The Agency created hundreds of social media accounts and used them to develop certain fictitious U.S. personas into what the indictment calls “leaders of public opinion” in the United States.
Some staffers were told to create “political intensity through supporting radical groups, users dissatisfied with [the] social and economic situation and oppositional social movements,” the indictment says.
Social media
Thematic group pages on social media sites, particularly Facebook and Instagram were created addressing a range of issues, including immigration (with group names including “Secured Borders”); the Black Lives Matter movement (with group names including “Blacktivist”); religion (with group names including “United Muslims of America” and “Army of Jesus”); and certain geographic regions within the United States (with group names including “South United” and “Heart of Texas”). By 2016, the size of many Agency controlled groups had grown to hundreds of thousands of online followers.
Starting at least in or around 2015, ads on online social media sites to promote Agency-controlled social media groups amounted to thousands of dollars every month.
Numerous Twitter accounts were designed to appear as if U.S. persons or groups controlled them. For example, one was called “Tennessee GOP,” which used the handle @TEN_GOP. The GOP, for Grand Old Party, is the nickname of the Republican Party. The @TEN_GOP account falsely claimed to be controlled by a U.S. state political party, the indictment says.

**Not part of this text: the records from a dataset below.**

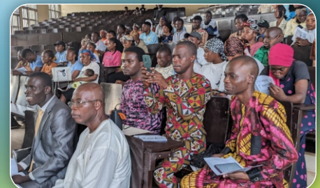
AFCF FEDPOLY, OFFA 2025 NRP
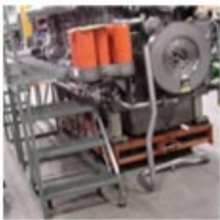
Assembly Floor Work Platforms
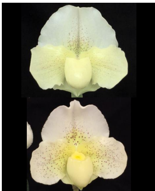
Paph. White Knight 'Clear Light' B/CSA, HCC/AOS Paph. White Knight 'Clear Light' HCC/AOS is an important parent yielding viable seed and is a fine show plant. Two previous growth and two new growths, one in bud. $ 500.00 – Whole Plant – 5" pot
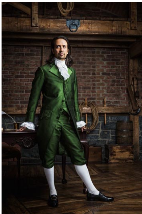
Costume Design by Paul Tazewell

Ola, the Water Bearer was originally created as a "flip book" located under the African Pavilion of the North Carolina Zoo. She has also illustrated the Christmas story, JAIY , incorporating the words of the
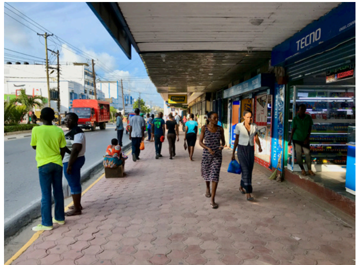
A refurbished walkway in Mombasa

Several counties are taking a leadership role in the provision of NMT facilities. Kisumu, Kenya's third largest city, is developing 1.4 km of high-quality walkways and protected cycle lanes with
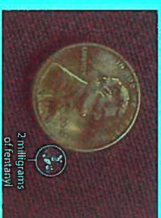
Photo illustration of 2 milligrams of fentanyl. A lethal dose in most people.

In 2019, Kent Goes Purple is focusing on the fentanyl and heroin epidemic in Kent County.
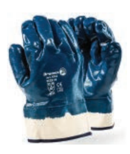
NITRILE FULLY COATED
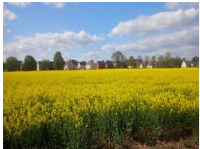
Photograph 6: Arable land in the south of the Application Site.
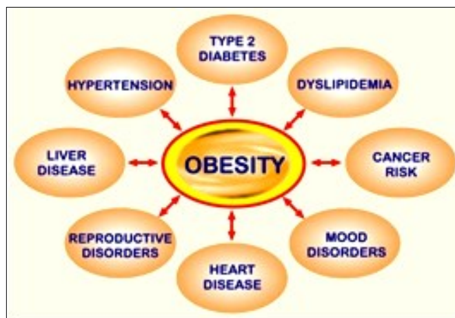
Fig. 1. Effects of obesity on human health (12).

This review aims to elucidate the metabolic consequences of anti-obesity drugs derived from both medicinal plants and pharmaceuticals on human health as well as to evaluate the efficacy and safety of each type.
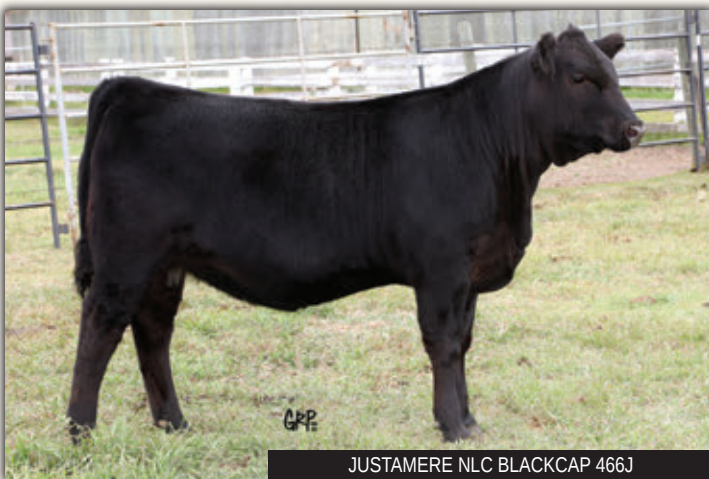
JUSTAMERE NLC BLACKCAP 466J
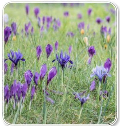
Our front lawn

Front cover. The Holy Spirit from Celebrate Conference.
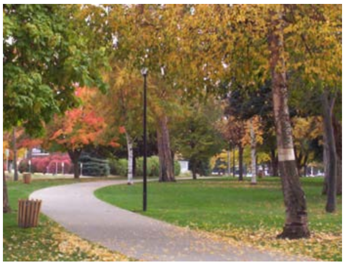
Stars at night Bicycle & pedestrian friendly open space

Promote bicycle and pedestrian connectivity and access between neighborhoods, open spaces, parks, and trail systems.
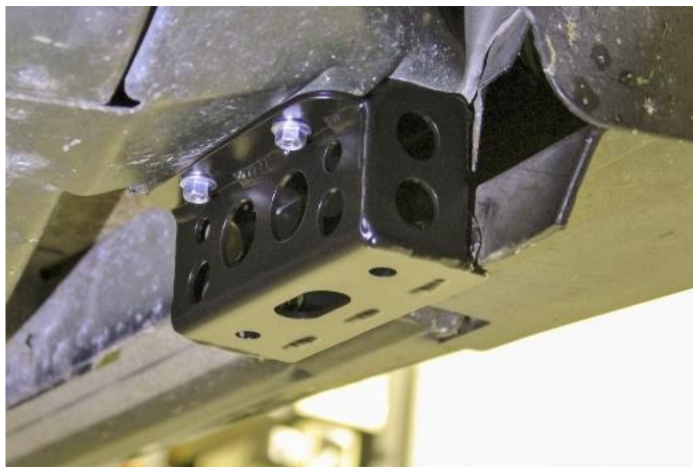
Figure 5 - Locate Fender Flange Shield
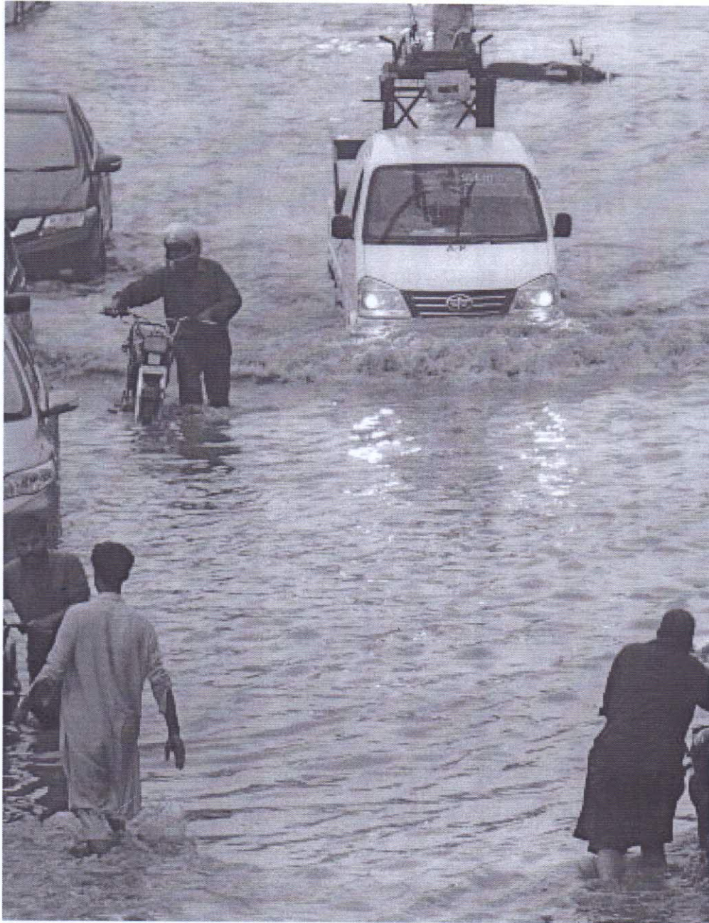
People wade through a flooded road caused by heavy rainfall in Karachi on Friday, July 17.
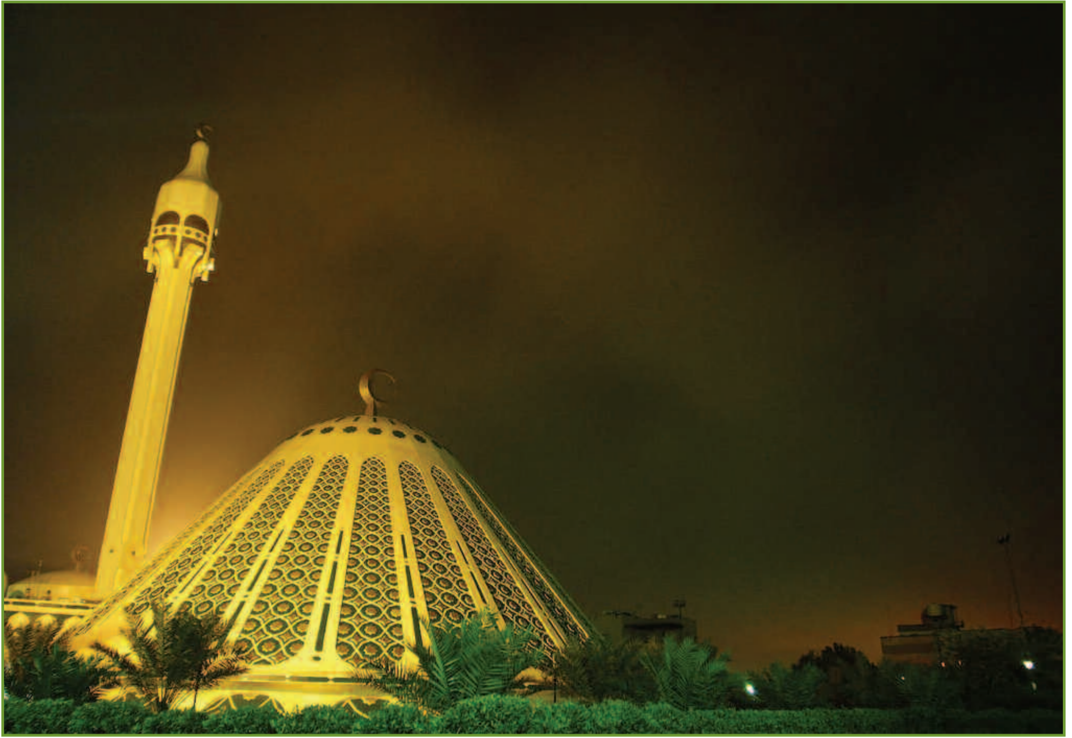
Xcitefun Fatma Masjid - In Kuwait
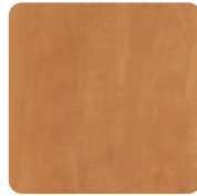
Sugar Maple SM
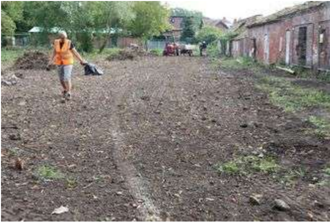
Collecting rubble buried in northern slip-garden
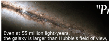
Even at 55 million light-years, the galaxy is larger than Hubble's field of view,

"Praise Him sun and moon, praise Him all bright stars.... for He commanded, and they were created."
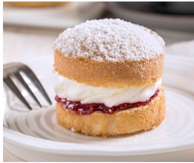
WWTOP03 Strawberry Dessert Topping (OTT) 6 x 500g £14.85
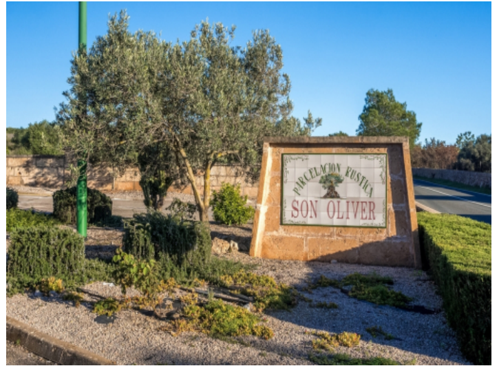
The plot is located in a rural area
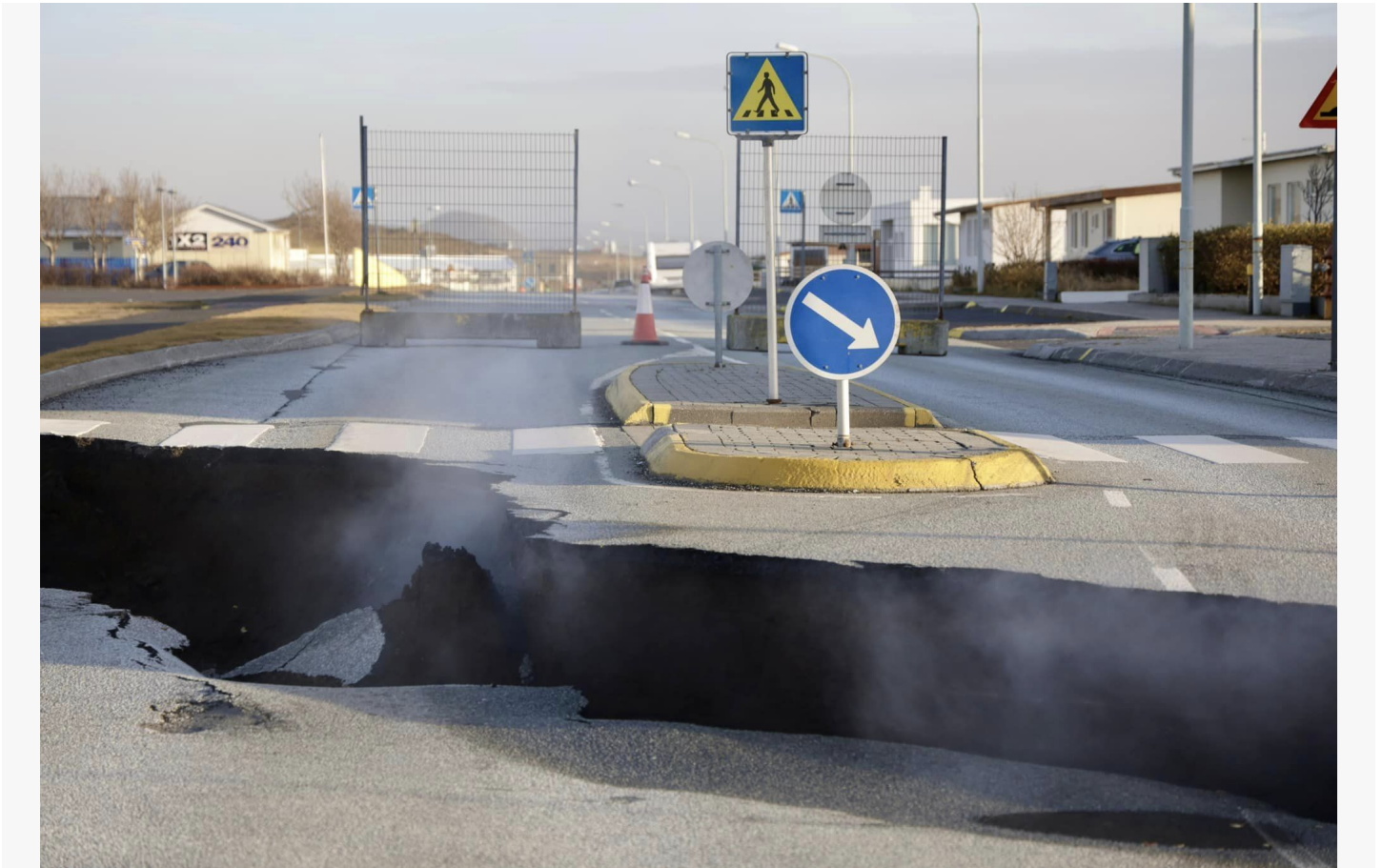
Grindavik - Rift valley forming 12 November 2023

It is also alleged the conspiracy involved creating email accounts pretending to be U.S. residents on Agency controlled social media sites, getting others unwittingly to re-tweet messages, and for purchasing ads on social media sites. “They engaged in operations primarily intended to communicate derogatory information about Hillary Clinton, to denigrate other candidates such as Ted Cruz and Marco Rubio, and to support Bernie Sanders and then-candidate Donald Trump ,” the indictment alleges.
The conspiracy also organized U.S. political rallies while pretending to be American activists, both before and after the election.